Exercise aim: Beginning with the line that holds "2.2 Розрахунок комплексного" in the data below, give again every line through the one that holds "统一茄皇意式番茄肉酱拌面126g桶装整箱宿舍方便面泡面条夜宵正品", exactly as written.

[[ Extracted material open ]]

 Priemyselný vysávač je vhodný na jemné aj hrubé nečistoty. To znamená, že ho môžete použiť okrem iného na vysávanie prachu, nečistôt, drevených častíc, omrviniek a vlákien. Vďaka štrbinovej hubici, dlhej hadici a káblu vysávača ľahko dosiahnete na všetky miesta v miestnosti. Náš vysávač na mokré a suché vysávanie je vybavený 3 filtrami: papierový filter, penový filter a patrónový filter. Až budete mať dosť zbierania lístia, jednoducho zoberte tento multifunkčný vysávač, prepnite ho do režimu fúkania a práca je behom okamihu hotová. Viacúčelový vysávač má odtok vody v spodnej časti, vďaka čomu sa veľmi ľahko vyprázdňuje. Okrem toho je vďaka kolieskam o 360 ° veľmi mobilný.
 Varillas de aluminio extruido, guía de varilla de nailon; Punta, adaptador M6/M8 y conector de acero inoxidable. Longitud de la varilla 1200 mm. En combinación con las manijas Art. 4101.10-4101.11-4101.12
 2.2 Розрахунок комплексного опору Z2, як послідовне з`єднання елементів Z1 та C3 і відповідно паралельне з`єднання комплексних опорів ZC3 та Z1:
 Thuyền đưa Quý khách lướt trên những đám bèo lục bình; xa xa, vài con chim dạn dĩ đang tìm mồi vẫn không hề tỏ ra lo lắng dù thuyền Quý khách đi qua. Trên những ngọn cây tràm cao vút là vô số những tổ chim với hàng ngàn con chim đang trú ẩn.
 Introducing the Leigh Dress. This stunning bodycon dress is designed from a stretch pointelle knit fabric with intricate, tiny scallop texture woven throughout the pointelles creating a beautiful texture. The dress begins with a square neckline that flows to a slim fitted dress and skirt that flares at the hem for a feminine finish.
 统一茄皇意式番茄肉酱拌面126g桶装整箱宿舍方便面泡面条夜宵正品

[[ Extracted material closed ]]
[[ Extracted material open ]]

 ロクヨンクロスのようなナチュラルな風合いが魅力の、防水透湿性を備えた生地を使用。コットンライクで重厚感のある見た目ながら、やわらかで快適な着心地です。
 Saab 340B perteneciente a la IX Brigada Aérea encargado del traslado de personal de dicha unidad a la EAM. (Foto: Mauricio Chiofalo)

[[ Extracted material closed ]]

Solution:
 2.2 Розрахунок комплексного опору Z2, як послідовне з`єднання елементів Z1 та C3 і відповідно паралельне з`єднання комплексних опорів ZC3 та Z1:
 Thuyền đưa Quý khách lướt trên những đám bèo lục bình; xa xa, vài con chim dạn dĩ đang tìm mồi vẫn không hề tỏ ra lo lắng dù thuyền Quý khách đi qua. Trên những ngọn cây tràm cao vút là vô số những tổ chim với hàng ngàn con chim đang trú ẩn.
 Introducing the Leigh Dress. This stunning bodycon dress is designed from a stretch pointelle knit fabric with intricate, tiny scallop texture woven throughout the pointelles creating a beautiful texture. The dress begins with a square neckline that flows to a slim fitted dress and skirt that flares at the hem for a feminine finish.
 统一茄皇意式番茄肉酱拌面126g桶装整箱宿舍方便面泡面条夜宵正品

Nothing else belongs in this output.